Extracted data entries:
----------
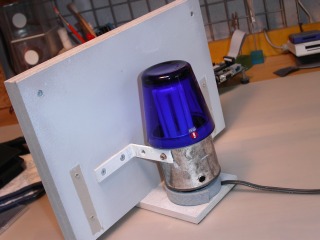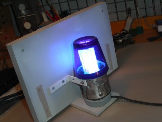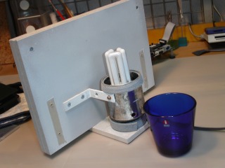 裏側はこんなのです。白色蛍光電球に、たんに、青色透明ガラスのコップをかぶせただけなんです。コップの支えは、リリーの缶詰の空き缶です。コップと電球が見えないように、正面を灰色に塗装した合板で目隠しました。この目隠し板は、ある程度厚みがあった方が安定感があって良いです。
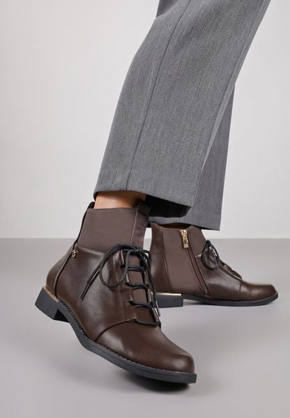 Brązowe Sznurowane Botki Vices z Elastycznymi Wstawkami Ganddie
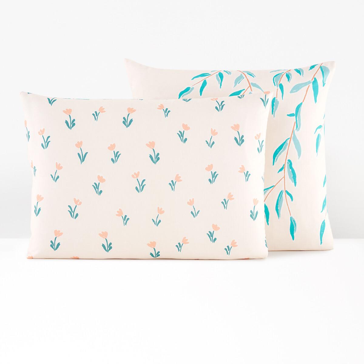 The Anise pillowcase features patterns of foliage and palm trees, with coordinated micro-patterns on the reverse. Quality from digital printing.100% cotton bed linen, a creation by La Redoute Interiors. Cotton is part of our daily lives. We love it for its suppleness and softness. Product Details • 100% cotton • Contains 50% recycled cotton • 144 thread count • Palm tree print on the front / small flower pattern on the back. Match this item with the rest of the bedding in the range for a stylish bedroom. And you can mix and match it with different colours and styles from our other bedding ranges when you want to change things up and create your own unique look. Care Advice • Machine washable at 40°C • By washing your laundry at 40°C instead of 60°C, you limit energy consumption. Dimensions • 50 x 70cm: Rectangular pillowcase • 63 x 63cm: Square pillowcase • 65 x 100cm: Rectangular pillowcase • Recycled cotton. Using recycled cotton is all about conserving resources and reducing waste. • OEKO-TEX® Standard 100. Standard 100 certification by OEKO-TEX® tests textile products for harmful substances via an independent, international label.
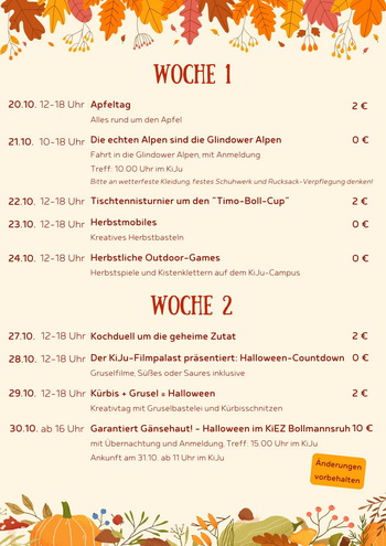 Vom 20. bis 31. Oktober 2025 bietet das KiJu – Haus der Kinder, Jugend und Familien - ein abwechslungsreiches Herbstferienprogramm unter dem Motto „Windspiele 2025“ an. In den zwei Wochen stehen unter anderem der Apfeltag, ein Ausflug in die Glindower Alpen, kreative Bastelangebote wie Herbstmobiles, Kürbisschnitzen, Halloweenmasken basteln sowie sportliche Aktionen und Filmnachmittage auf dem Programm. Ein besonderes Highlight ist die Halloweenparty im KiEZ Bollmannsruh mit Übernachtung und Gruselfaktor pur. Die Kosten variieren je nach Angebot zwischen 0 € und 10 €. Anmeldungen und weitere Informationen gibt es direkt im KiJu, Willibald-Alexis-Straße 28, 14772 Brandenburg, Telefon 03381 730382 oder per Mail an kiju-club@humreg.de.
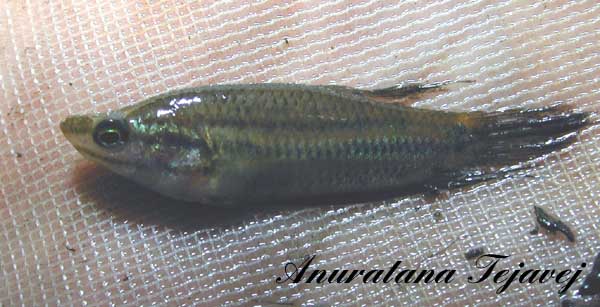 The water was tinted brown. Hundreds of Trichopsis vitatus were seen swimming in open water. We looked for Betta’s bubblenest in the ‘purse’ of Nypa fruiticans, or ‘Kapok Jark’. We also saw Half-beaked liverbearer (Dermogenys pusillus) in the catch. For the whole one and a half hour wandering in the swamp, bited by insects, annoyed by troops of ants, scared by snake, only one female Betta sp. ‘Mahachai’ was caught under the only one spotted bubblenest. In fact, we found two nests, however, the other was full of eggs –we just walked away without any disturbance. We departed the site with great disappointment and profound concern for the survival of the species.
----------
Problem details.
The answer must be the lines of the entries above, written out exactly from the first through the one with "Brązowe Sznurowane Botki", and no pictures.

Output below.
 裏側はこんなのです。白色蛍光電球に、たんに、青色透明ガラスのコップをかぶせただけなんです。コップの支えは、リリーの缶詰の空き缶です。コップと電球が見えないように、正面を灰色に塗装した合板で目隠しました。この目隠し板は、ある程度厚みがあった方が安定感があって良いです。
 Brązowe Sznurowane Botki Vices z Elastycznymi Wstawkami Ganddie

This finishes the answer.